Let's implement a simple and intuitive approach to writing the preorder traversal code. The steps are straightforward:

  1. Visit the root node and print it.
  2. Recurse on the left subtree.
  3. Recurse on the right subtree.

Here is the C++/Java code for preorder traversal:

void preorder(Node* root) (
    if(root == nullptr) return; // base case
    cout << root->data << " "; // visit the root
    preorder(root->left); // recur on the left subtree
    preorder(root->right); // recur on the right subtree
)

Dry Run of Preorder Traversal

Consider the following example tree for a step-by-step dry run:

      1
     / \
    2   3
   / \   \
  4   5   7
     /     \
    6       8
              \
               9
                \
                10

Starting at the root node (1):

  • Print 1 (root)
  • Move to the left subtree and call preorder on node 2:
    • Print 2 (root)
    • Move to the left subtree and call preorder on node 4:
      • Print 4 (root)
      • Both left and right of 4 are null, return to 2
    • Move to the right subtree and call preorder on node 5:
      • Print 5 (root)
      • Recur on left subtree, output is 6, right is null. So output sequence is 4, 2, 5, 6
  • Move to the right subtree and call preorder on node 3:
    • Print 3 (root)
    • Move to left, output is 7,
    • Move to right and call preorder on node 8 (continuing in depth-first manner):
      • Print 8 (root)
      • Move left, print 9, move right print 10.
    • Combining, the final preorder traversal sequence is 1, 2, 4, 5, 6, 3, 7, 8, 9, 10.

Time and Space Complexity

  • Time Complexity: (O(n)), where (n) is the number of nodes in the tree, because each node is visited once.
  • Space Complexity: The auxiliary space used in the recursive stack is (O(h)), where (h) is the height of the tree. In the worst case, this can be (O(n)) for a completely skewed tree.

Keywords

  • Preorder Traversal
  • Binary Tree
  • DFS (Depth-First Search)
  • C++ Code
  • Java Code
  • Time Complexity
  • Space Complexity
  • Recursive Implementation

FAQ

1. What is preorder traversal in a binary tree?
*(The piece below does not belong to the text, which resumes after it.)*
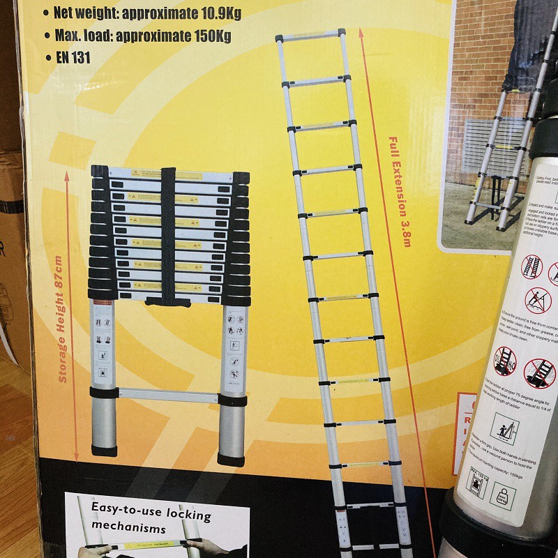 Nhà cửa & Đời sống > Dụng cụ & Thiết bị tiện ích > Thang || Thang nhôm rút đơn Karlis K380 | Chiều Cao 3m8 | Chịu Tải 250Kg | Chất Liệu Nhôm Cao Cấp Chắc Chắn Nặng 12kgCòn hàng

Preorder traversal in a binary tree is a depth-first search (DFS) technique where the nodes are recursively visited in this order: Root, Left subtree, Right subtree.

2. What is the time complexity of preorder traversal?

The time complexity of preorder traversal is (O(n)), where (n) is the number of nodes in the binary tree.

3. What is the space complexity of preorder traversal?

The space complexity of preorder traversal is (O(h)), where (h) is the height of the tree. In the worst-case scenario, the space complexity is (O(n)), especially for a completely skewed tree.

4. Can preorder traversal be implemented iteratively?

Yes, preorder traversal can be implemented iteratively using a stack to simulate the recursive call stack.

5. Why is preorder traversal useful?

Preorder traversal is useful for creating a copy of the tree, for prefix expression evaluation, and for various tree-based algorithms where the root node needs to be processed before its child nodes.